That's the point to drop in the classic line about cyanide and botulism being all-natural, too. You don't do that just to score some sort of debating point, though, satisfying though that may be - I try not to introduce that one with a flourish of the sword point. No, I think you want to come in with a slightly regretful "Well, here's the problem. . ." approach. The idea, I'd say, is to introduce the concept of there being a continuum of toxicity out there, one that doesn't distinguish between man-made compounds and natural ones.
The next step after that is the fundamental toxicological idea that the dose makes the poison, but I think it's only effective to bring that up after this earlier point has been made. Otherwise, it sounds like special pleading again: "Oh, well, yeah, that's a deadly poison, but a little bit of it probably won't hurt you. Much." My favorite example in this line is selenium. It's simultaneously a vital trace nutrient and a poison, all depending on the dose, and I think a lot of people might improve their thinking on these topics if they tried to integrate that possibility into their views of the world.

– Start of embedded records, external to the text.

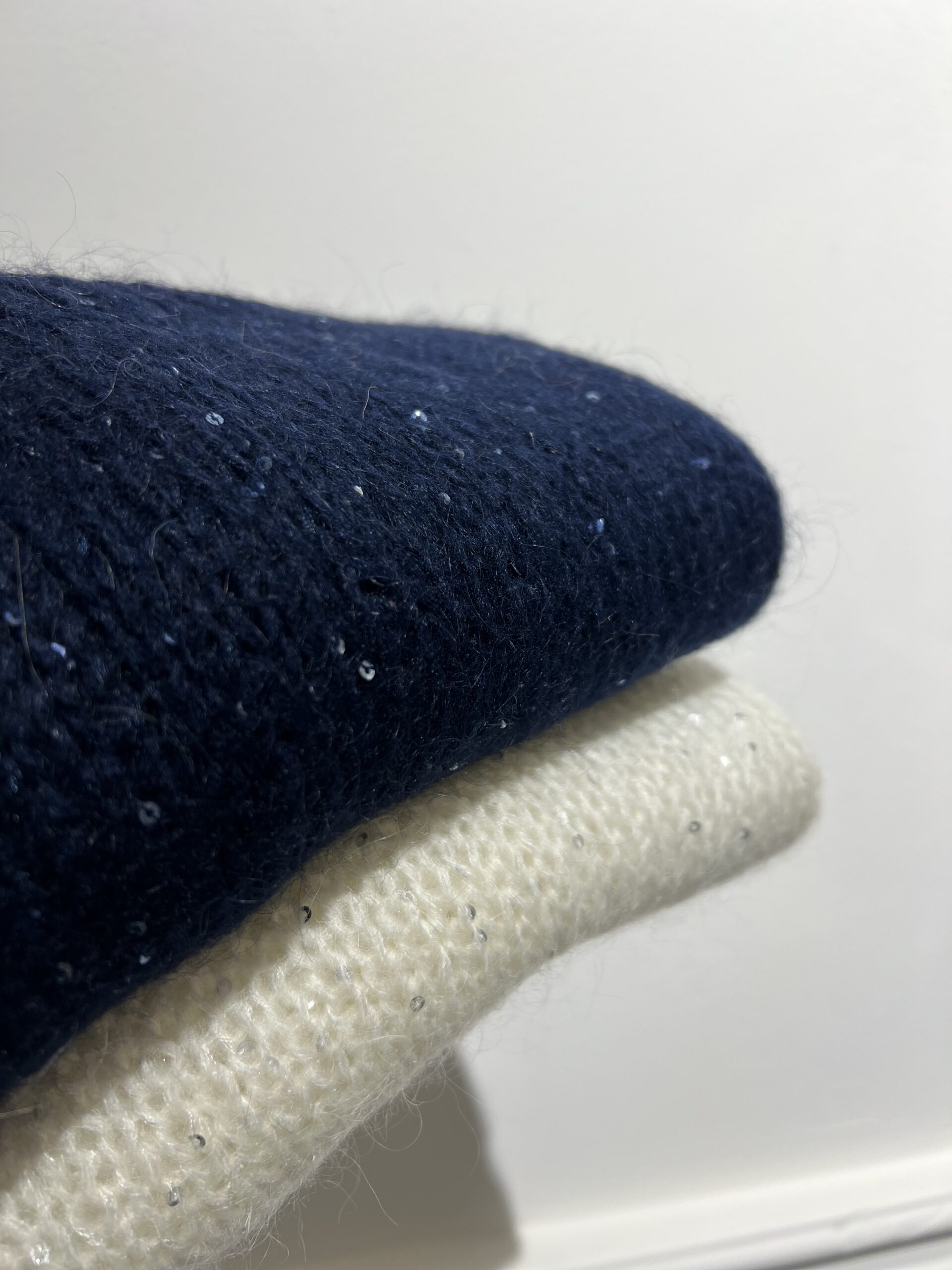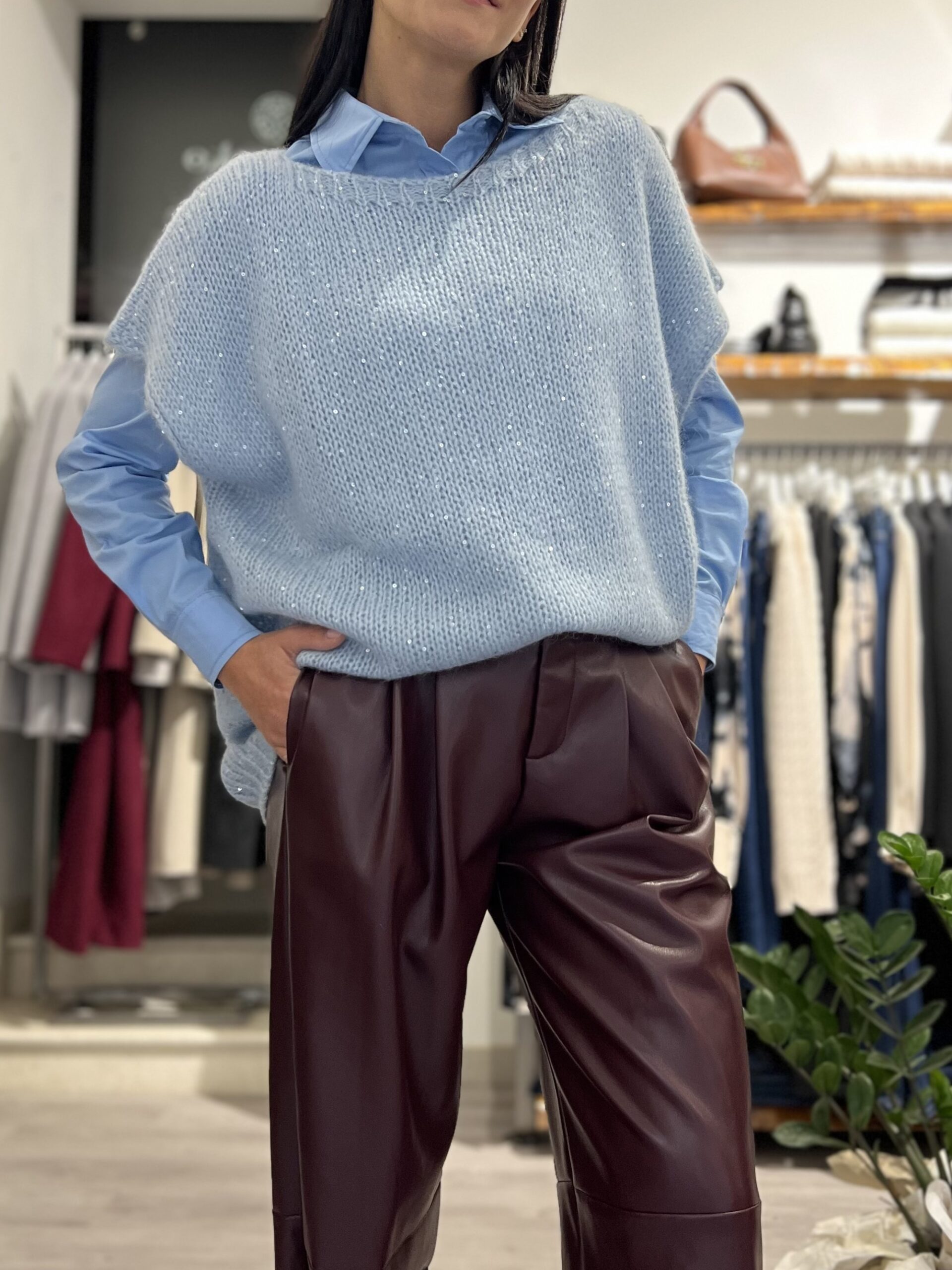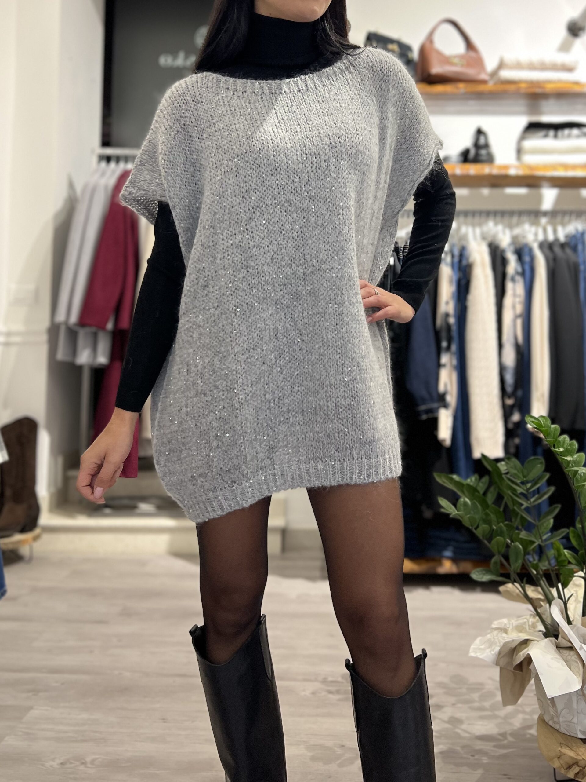 Maxi maglione smanicato con micro-paillettes. Filato caldo e morbido con 20% di mohair all’interno della composizione. Taglia unica veste fino alla 50.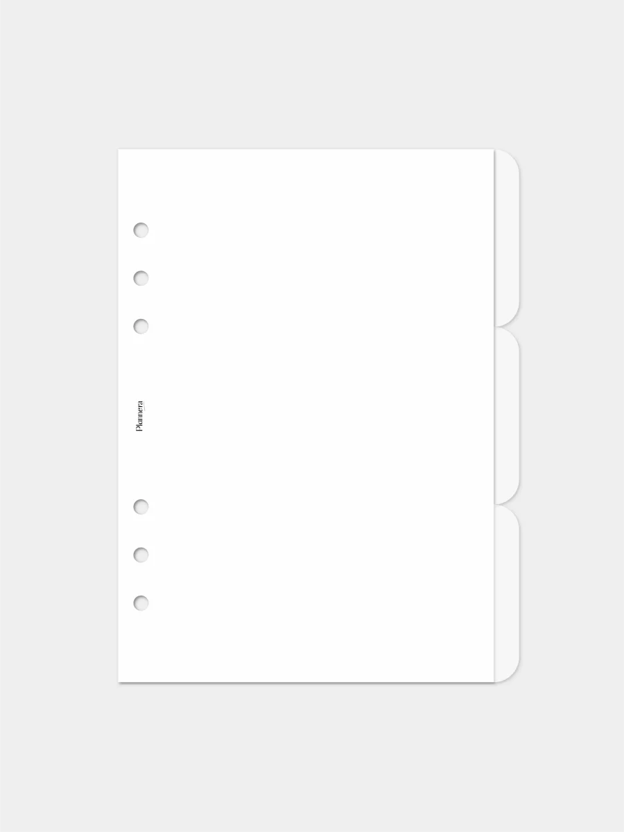 Ce set de 6 intercalaires rigides et transparents au fini mat t’aideront Ă  organiser et structurer au quotidien les diffĂ©rentes sections de ton planner. Il peut ĂŞtre complĂ©tĂ© avec les stickers pour nommer les diffĂ©rentes sections que tu souhaites crĂ©er. IdĂ©al pour une circulation efficace. Description : A5 PerforĂ© Recto-Verso 6 intercalaires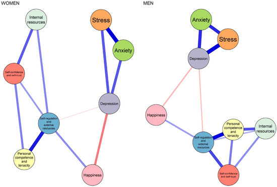 Comparison of network structures by sex (women vs. men). Networks were estimated separately for each group using the same non-regularized GGM procedure. Blue edges indicate positive associations, and red edges indicate negative associations; edge thickness represents the magnitude of the association. The figure illustrates the overall structural similarity between networks prior to formal statistical testing using the Network Comparison Test (NCT).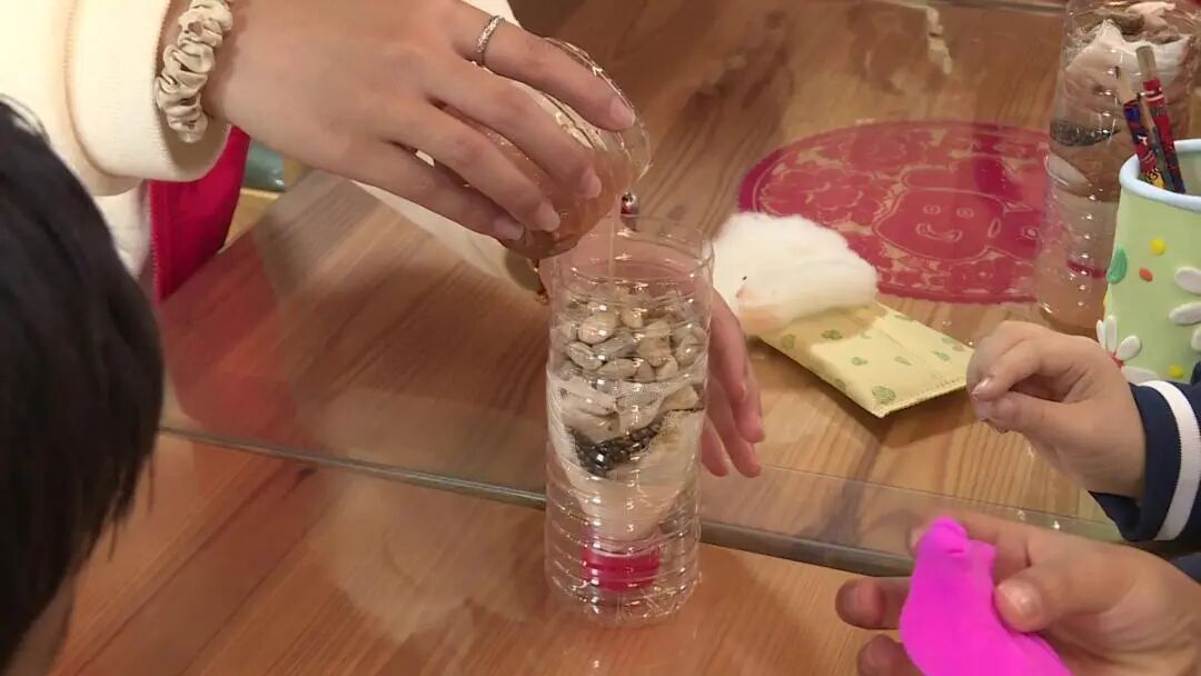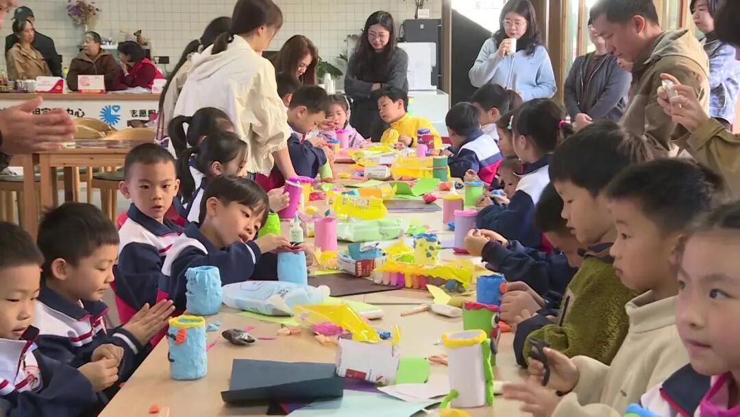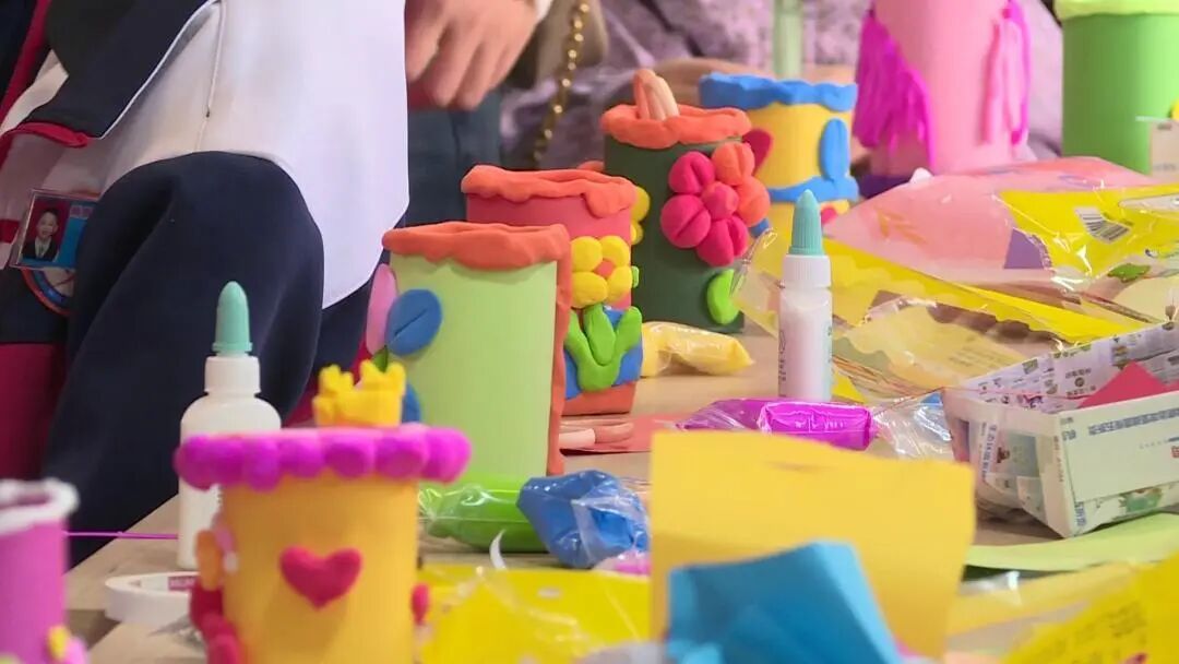 在东安驿零碳生活馆内,孩子们在手工老师的带领下,将塑料瓶经过裁剪、贴彩纸、上黏土等系列操作,变身成实用的笔筒。

Because it's clear that a lot of people don't have room for it right now. The common view is that the world is divided into two categories of stuff: the natural, made by living things, and the unnatural, made by humans (mostly chemists, dang them). You even see this scheme applied to inorganic chemistry: you can find people out there selling makeup and nutritional supplements who charge a premium for things like calcium carbonate when it's a "natural mineral", as opposed (apparently) to that nasty sludge that comes out of the vats down at the chemical plant. (This is also one of the reasons why arguing about the chemist's definition of "organic" is even more of a losing position than arguing about the word "chemical").
There's a religious (or at least quasi-religious) aspect to all this, which makes the arguments emotional and hard to win by appeals to reason. That worldview I describe is a dualist, Manichean one: there are forces of good, and there are forces of evil, and you have to choose sides, don't you? It's sort of assumed that the "natural" world is all of a piece: living creatures are always better off with natural things. They're better; they're what living creatures are meant to consume and be surrounded by. Anything else is ersatz, a defective substitute for the real thing, and quite possibly an outright work of evil by those forces on the other side.
Note that we're heading into some very deep things in many human cultures here, which is another reason that this is never an easy or simple argument to have. That split between natural and unnatural means that there was a time, before all this industrial horror, when people lived in the natural state. They never encountered anything artificial, because there was no such thing in the world. Now, a great number of cultures have a "Golden Age" myth, that distant time when everything was so much better - more pure, somehow, before things became corrupted into their present regrettable state. The Garden of Eden is the aspect this takes in the Christian religion, but you find similar things in many other traditions. (Interestingly, this often takes the form of an ancient age when humans spoke directly with the gods, in whatever form they took, which is one of the things that led Julian Jaynes to his fascinating, although probably unprovable hypotheses in The Origin of Consciousness in the Breakdown of the Bicameral Mind).
This Prelapsarian strain of thinking permeates the all-natural chemical-free worldview. There was a time when food and human health were so much better, and industrial civilization has messed it all up. We're surrounded by man-made toxins and horrible substitutes for real food, and we've lost the true path. It's no wonder that there's all this cancer and diabetes and autism and everything: no one ever used to get those things. Note the followup to this line of thought: someone did this to us. The more hard-core believers in this worldview are actually furious at what they see as the casual, deliberate poisoning of the entire population. The forces of evil, indeed.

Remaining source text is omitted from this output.